Methods: Trajectory errors arising from eddy currents and gradient delays introduce phase inconsistencies in several fast scanning MR pulse sequences, resulting in image artifacts. The proposed algorithm provides a novel framework to compensate for this phase distortion. The algorithm relies on the construction of a multi-block Hankel matrix, where each block is constructed from k-space segments with the same phase distortion. In the presence of spatially smooth phase distortions between the segments, the complete block-Hankel matrix is known to be highly low-rank. Since each k-space segment is only acquiring part of the k-space data, the reconstruction of the phase compensated image from their partially parallel measurements is posed as a structured low-rank matrix optimization problem, assuming the coil sensitivities to be known.
Results: The proposed formulation is tested on radial acquisitions in several settings including partial Fourier and golden-angle acquisitions. The experiments demonstrate the ability of the algorithm to successfully remove the artifacts arising from the trajectory errors, without the need for trajectory or phase calibration. The quality of the reconstruction was comparable to corrections achieved using the Trajectory Auto-Corrected Image Reconstruction (TrACR) for radial acquisitions.
Conclusion: The proposed method provides a general framework for the recovery of artifact-free images from radial trajectories without the need for trajectory calibration.

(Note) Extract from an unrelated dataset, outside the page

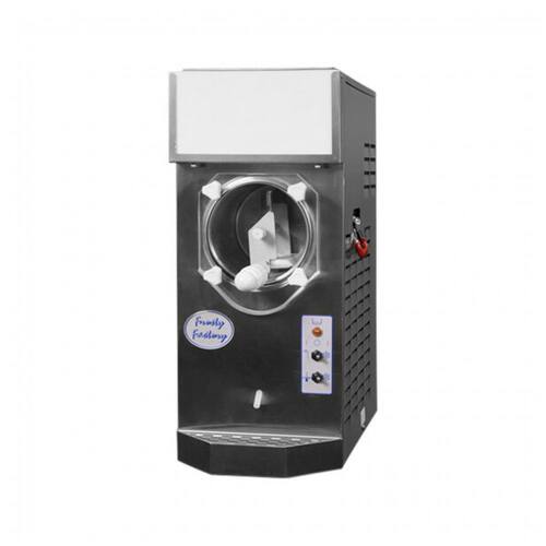 Produza até 115 drinks de 296 ml por hora! Esta máquina da Frosty Factory conta com um cilindro de 3,31 litros e um reservatório de 11,36 litros, sendo ideal para servir uma multidão. Com um interruptor de espera que mantém as misturas refrigeradas durante a noite, a máquina inicia rapidamente, poupando tempo e esforço. Um painel luminoso na parte superior atrai os clientes, destacando suas ofertas mais populares. Com um design compacto, é altamente portátil e economiza espaço no balcão. Perfeita para bares, quiosques ou operações de alimentação que desejam expandir sua seleção de bebidas. Esta unidade é resfriada a ar, fácil de instalar e operar. Requer uma conexão elétrica de 115V e possui dimensões de 53,34 x 53,34 x 66,04 cm.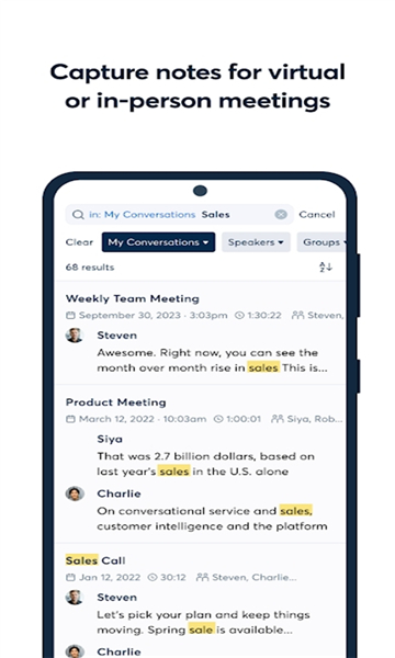 自动记录会议笔记并与队友共享,以保持每个人同步,记录和转录采访,讲座,播客,视频,网络研讨会,主题演讲

Keywords: trajectory correction, annihilating filter, calibration-free, radial, EPI, MUSSELS, structured low rank
Several different k-space sampling strategies, each with unique benefits, are used in MRI. Echo-planar imaging (EPI) trajectories that scans the k-space in a single sweep, is routinely used in high temporal sampling applications such as functional MRI and diffusion MRI(1, 2, 3). Likewise, radial schemes, that sample the k-space center during each projection is ideally suited for accelerated imaging (4). Center-out radial methods with their short read-outs has enabled zero echo-time applications such as lung and sodium imaging (5, 6). Despite their benefits, a key problem that affects the performance of the above fast-scan methods is gradient fluctuations. Several hardware imperfections exist in the MR system that limit the exact realization of a prescribed gradient waveform on the MR hardware. Among these, eddy currents and gradient timing delays are understood as the leading source of gradient fluctuations (7, 8). The gradient fluctuations result in the actual k-space encoding to be different from the expected trajectory leading to reconstruction errors. The manifestation of the artifacts in the images will vary based upon the trajectory (9).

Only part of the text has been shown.